**Records for processing**
□ □ □ □ □
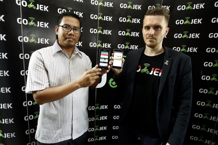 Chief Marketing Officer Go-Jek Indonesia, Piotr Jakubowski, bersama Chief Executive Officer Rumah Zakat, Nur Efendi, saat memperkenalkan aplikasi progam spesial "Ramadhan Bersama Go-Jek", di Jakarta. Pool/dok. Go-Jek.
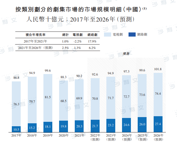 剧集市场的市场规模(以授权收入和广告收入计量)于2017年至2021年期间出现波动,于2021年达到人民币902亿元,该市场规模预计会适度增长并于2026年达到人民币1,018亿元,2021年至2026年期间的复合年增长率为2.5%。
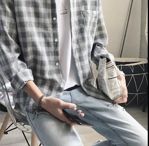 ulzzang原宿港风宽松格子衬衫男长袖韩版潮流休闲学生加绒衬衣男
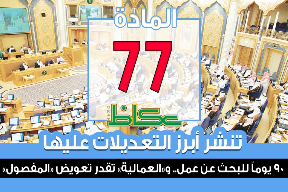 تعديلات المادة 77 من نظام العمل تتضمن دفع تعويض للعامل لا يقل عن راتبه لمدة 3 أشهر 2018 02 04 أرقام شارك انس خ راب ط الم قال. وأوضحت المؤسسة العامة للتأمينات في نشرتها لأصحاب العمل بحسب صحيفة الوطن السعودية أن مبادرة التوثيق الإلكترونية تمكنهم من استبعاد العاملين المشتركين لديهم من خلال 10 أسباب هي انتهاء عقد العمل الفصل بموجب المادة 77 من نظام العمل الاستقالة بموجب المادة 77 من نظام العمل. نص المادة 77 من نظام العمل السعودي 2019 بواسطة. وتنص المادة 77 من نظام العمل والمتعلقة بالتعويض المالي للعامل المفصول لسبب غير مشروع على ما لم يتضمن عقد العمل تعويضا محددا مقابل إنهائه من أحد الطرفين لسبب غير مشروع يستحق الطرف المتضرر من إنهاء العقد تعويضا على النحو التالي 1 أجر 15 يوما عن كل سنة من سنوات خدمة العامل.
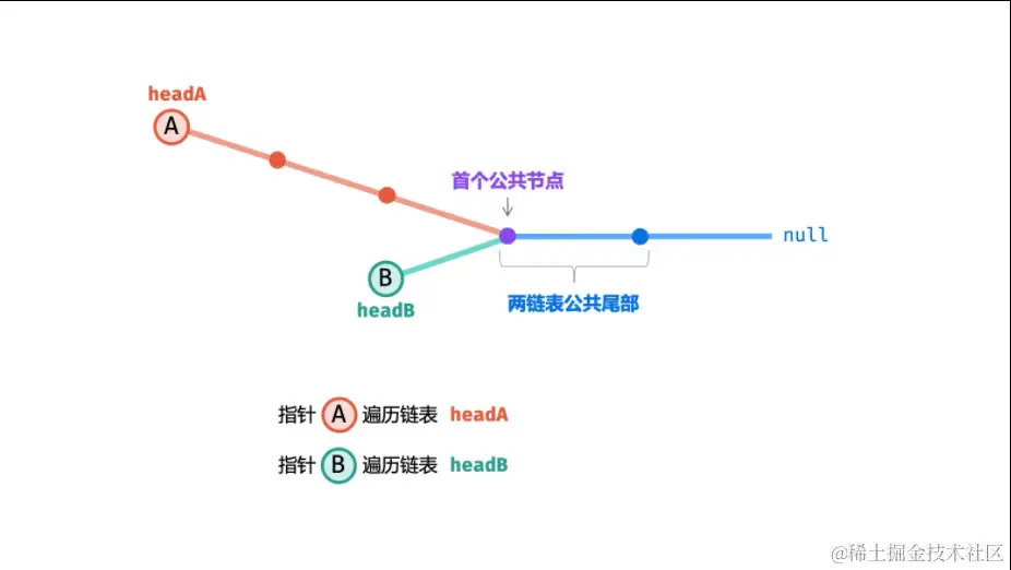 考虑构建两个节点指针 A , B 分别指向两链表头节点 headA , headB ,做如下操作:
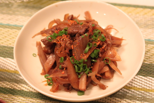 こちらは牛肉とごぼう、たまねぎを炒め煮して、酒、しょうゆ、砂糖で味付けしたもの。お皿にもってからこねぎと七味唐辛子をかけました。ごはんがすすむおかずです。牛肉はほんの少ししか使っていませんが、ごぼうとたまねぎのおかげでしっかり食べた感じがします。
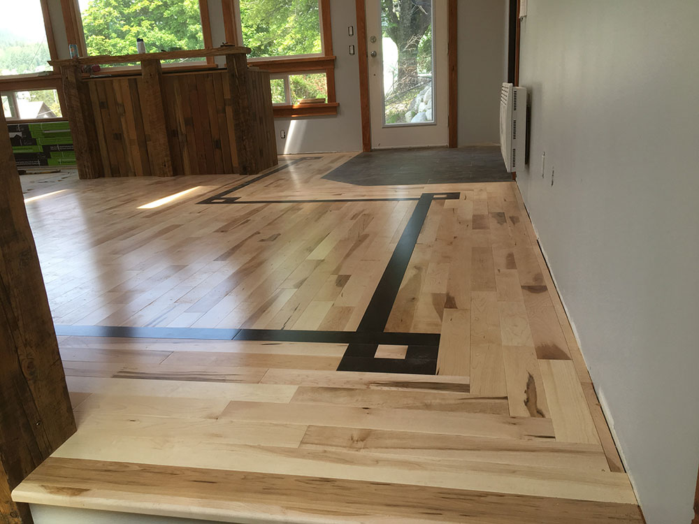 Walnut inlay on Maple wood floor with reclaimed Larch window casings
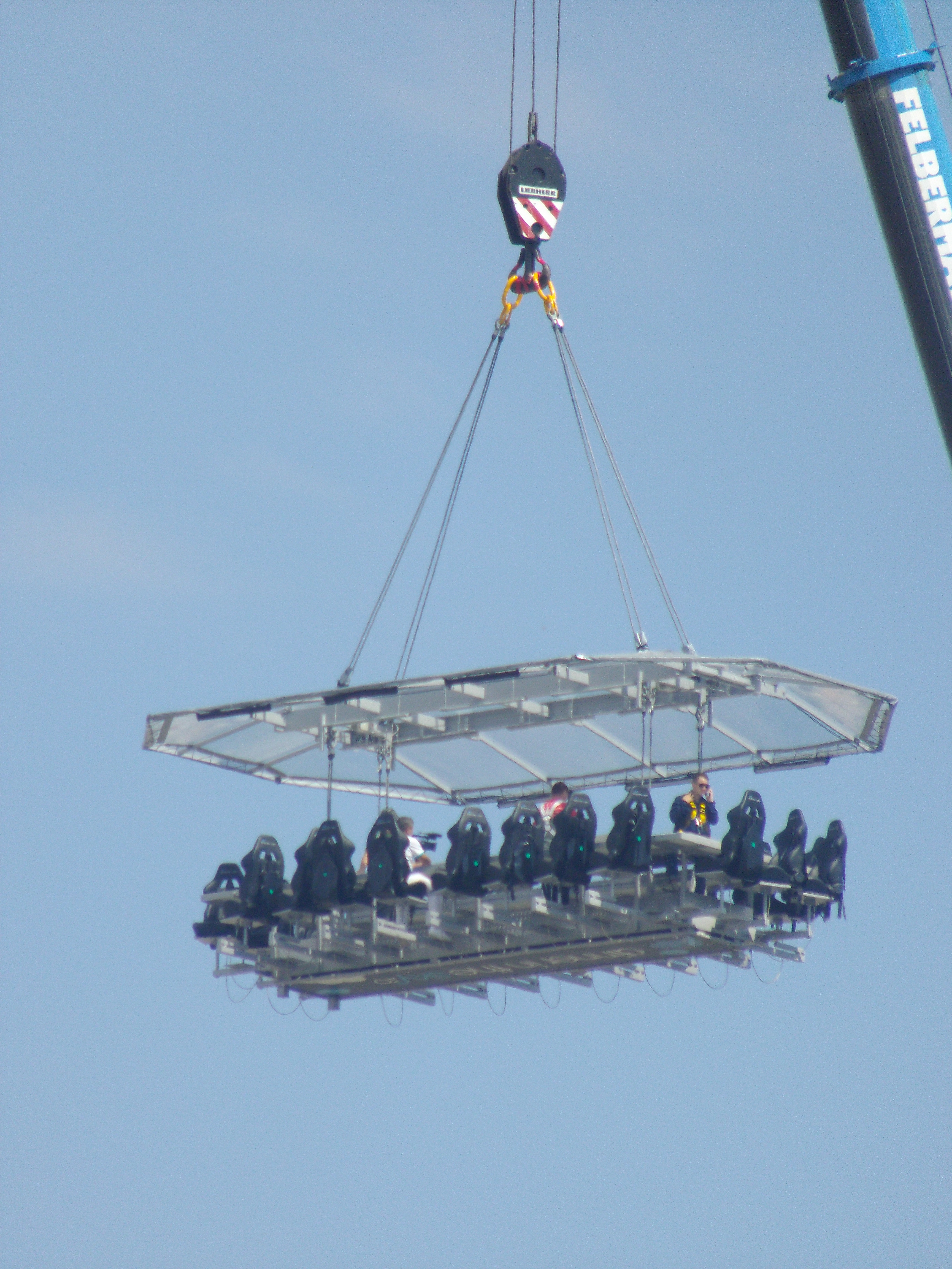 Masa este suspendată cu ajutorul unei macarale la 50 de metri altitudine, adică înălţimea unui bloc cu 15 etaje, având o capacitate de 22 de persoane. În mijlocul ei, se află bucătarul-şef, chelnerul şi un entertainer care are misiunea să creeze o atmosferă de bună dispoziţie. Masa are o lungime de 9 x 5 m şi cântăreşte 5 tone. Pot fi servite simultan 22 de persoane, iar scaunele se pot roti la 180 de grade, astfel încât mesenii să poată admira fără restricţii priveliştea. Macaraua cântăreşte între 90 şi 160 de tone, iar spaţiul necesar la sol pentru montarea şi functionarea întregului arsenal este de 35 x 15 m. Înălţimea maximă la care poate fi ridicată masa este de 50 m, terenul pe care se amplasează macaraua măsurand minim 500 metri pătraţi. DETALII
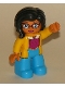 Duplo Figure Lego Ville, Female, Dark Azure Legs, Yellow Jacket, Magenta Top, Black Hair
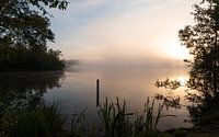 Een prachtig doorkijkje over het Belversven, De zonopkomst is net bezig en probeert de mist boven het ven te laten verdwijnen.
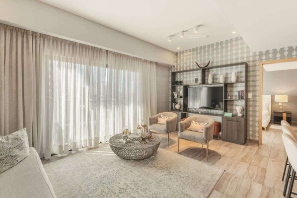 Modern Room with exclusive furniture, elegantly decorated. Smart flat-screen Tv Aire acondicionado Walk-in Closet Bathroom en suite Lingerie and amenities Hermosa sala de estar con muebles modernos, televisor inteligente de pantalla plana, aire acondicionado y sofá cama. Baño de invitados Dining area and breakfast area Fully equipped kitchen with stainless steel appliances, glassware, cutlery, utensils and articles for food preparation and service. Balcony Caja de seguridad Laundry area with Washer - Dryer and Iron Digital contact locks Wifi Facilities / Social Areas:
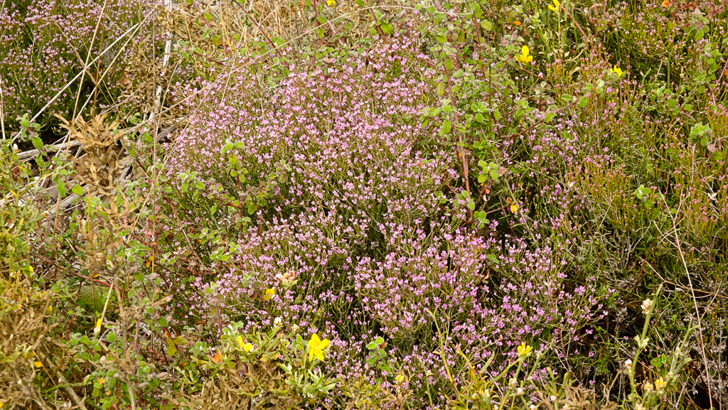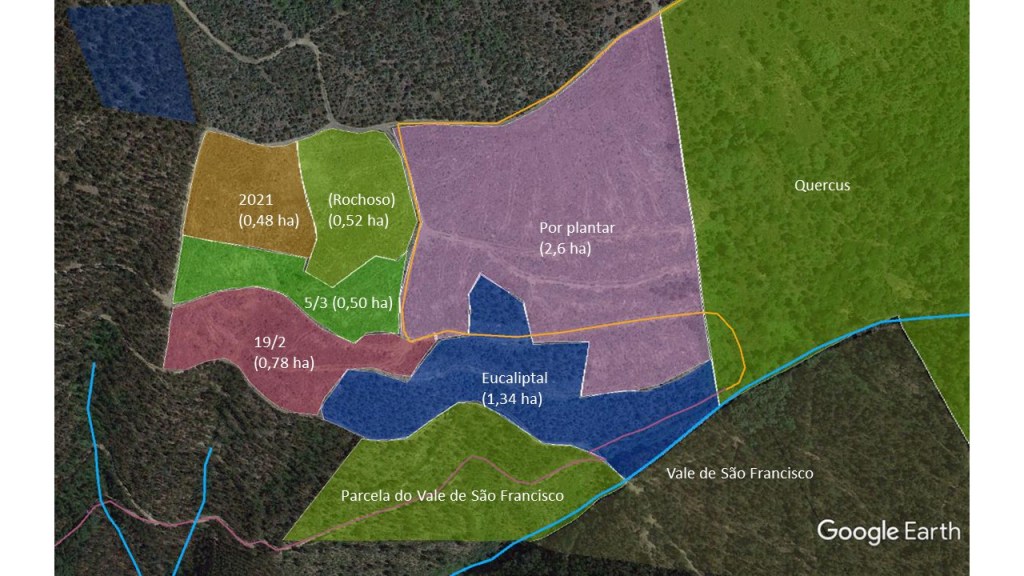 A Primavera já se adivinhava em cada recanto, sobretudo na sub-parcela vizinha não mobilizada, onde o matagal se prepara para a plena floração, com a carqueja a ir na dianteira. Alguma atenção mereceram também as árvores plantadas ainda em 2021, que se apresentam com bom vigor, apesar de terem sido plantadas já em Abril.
□ □ □ □ □
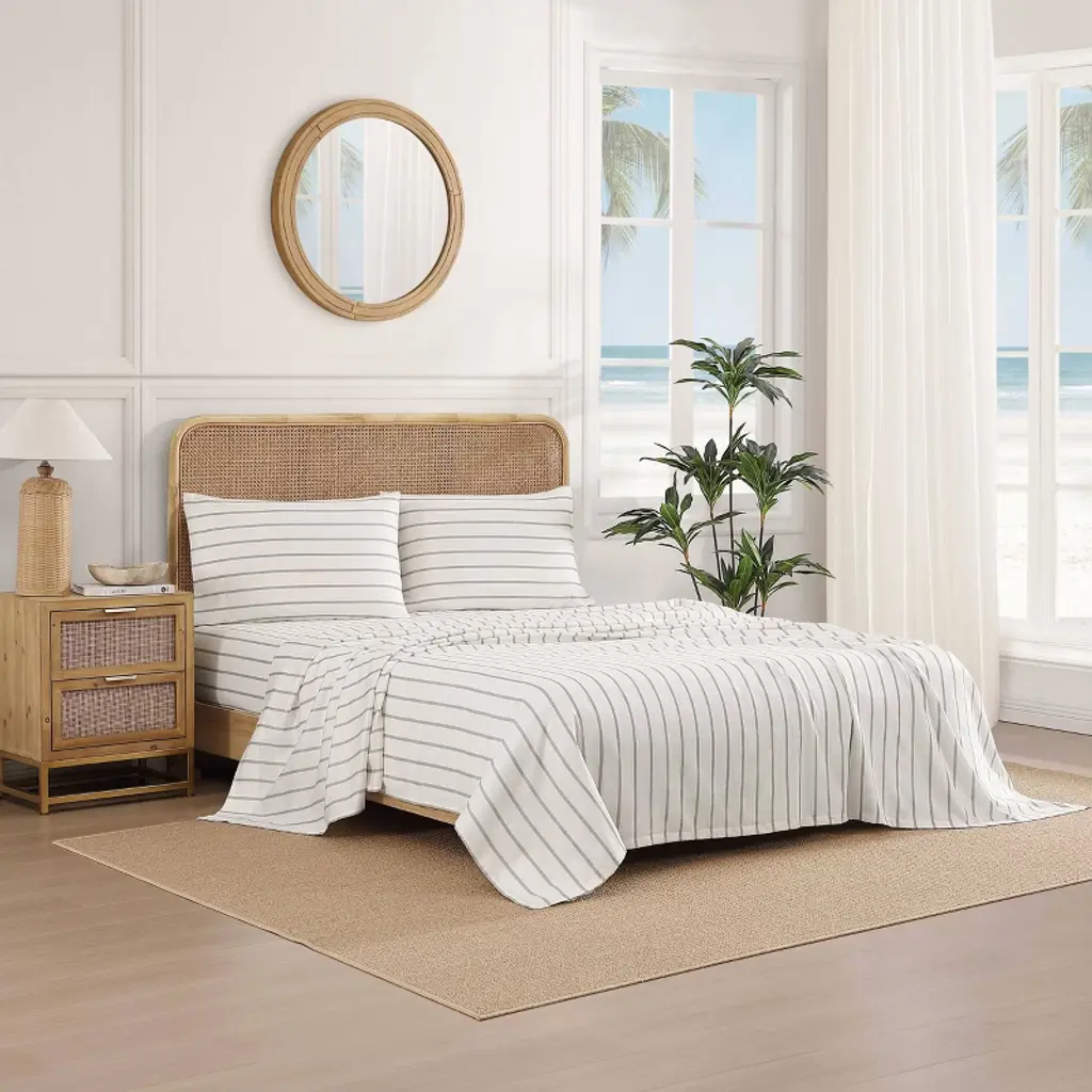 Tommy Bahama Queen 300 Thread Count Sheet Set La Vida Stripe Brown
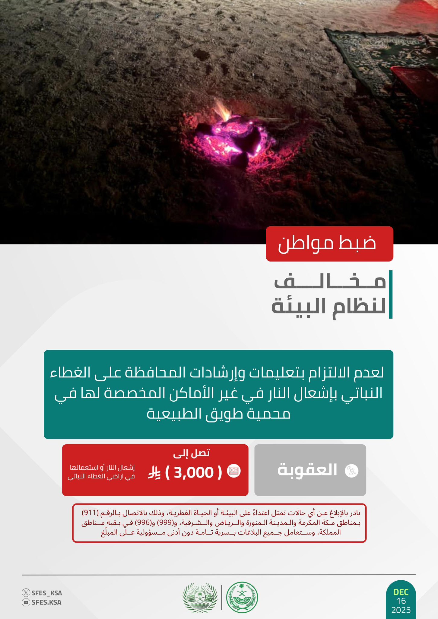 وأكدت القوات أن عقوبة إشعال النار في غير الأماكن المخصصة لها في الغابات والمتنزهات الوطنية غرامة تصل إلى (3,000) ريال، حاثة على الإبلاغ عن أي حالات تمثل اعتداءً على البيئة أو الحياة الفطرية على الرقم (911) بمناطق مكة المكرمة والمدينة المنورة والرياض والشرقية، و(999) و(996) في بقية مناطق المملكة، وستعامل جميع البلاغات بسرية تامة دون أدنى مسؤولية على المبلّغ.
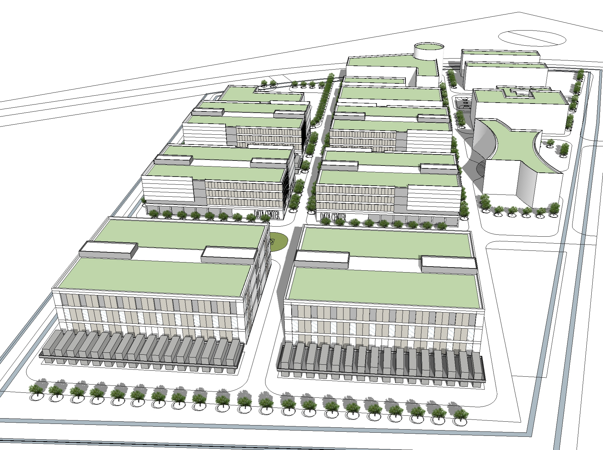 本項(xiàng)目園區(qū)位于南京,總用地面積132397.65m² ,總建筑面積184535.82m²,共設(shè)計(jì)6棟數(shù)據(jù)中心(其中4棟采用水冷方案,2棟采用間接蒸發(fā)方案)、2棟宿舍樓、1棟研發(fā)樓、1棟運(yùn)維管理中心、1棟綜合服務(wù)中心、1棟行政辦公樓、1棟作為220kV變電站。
□ □ □ □ □
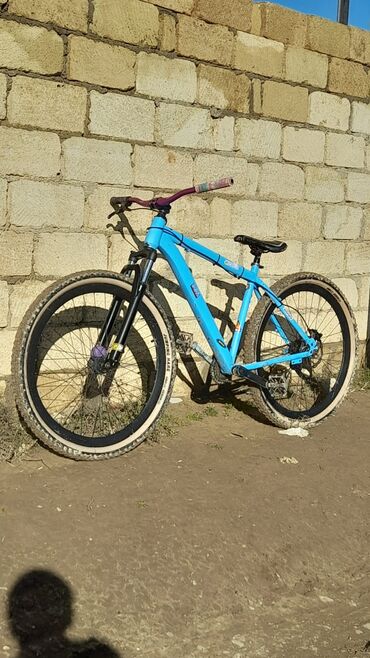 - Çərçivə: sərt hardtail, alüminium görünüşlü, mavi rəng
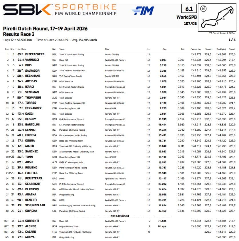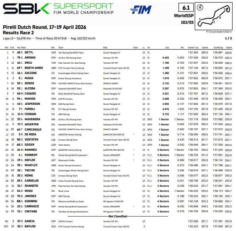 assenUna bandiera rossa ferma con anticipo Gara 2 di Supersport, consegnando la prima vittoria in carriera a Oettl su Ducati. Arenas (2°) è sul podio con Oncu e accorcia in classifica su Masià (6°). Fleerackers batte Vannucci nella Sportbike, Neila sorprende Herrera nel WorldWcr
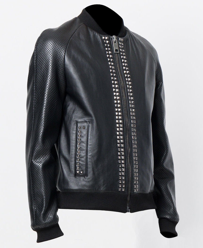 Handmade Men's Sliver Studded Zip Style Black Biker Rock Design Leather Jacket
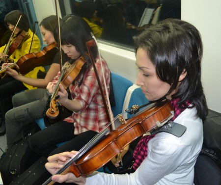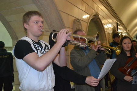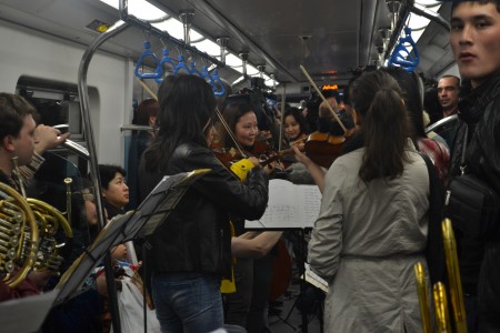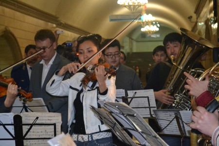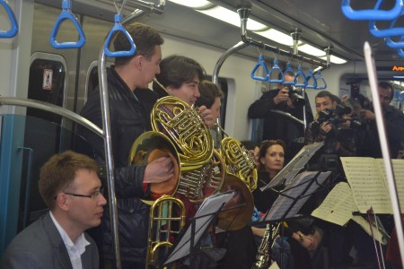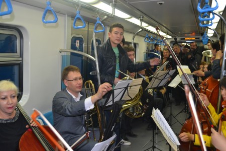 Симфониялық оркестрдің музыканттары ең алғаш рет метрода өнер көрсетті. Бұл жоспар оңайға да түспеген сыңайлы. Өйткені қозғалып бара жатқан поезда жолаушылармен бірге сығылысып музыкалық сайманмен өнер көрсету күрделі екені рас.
□ □ □ □ □
**Directions**
Give back the exact lines above, running from the one that has "Handmade Men's Sliver" through the one that has "Симфониялық оркестрдің музыканттары", with nothing added and no pictures.

**Written answer**
 Handmade Men's Sliver Studded Zip Style Black Biker Rock Design Leather Jacket
 Симфониялық оркестрдің музыканттары ең алғаш рет метрода өнер көрсетті. Бұл жоспар оңайға да түспеген сыңайлы. Өйткені қозғалып бара жатқан поезда жолаушылармен бірге сығылысып музыкалық сайманмен өнер көрсету күрделі екені рас.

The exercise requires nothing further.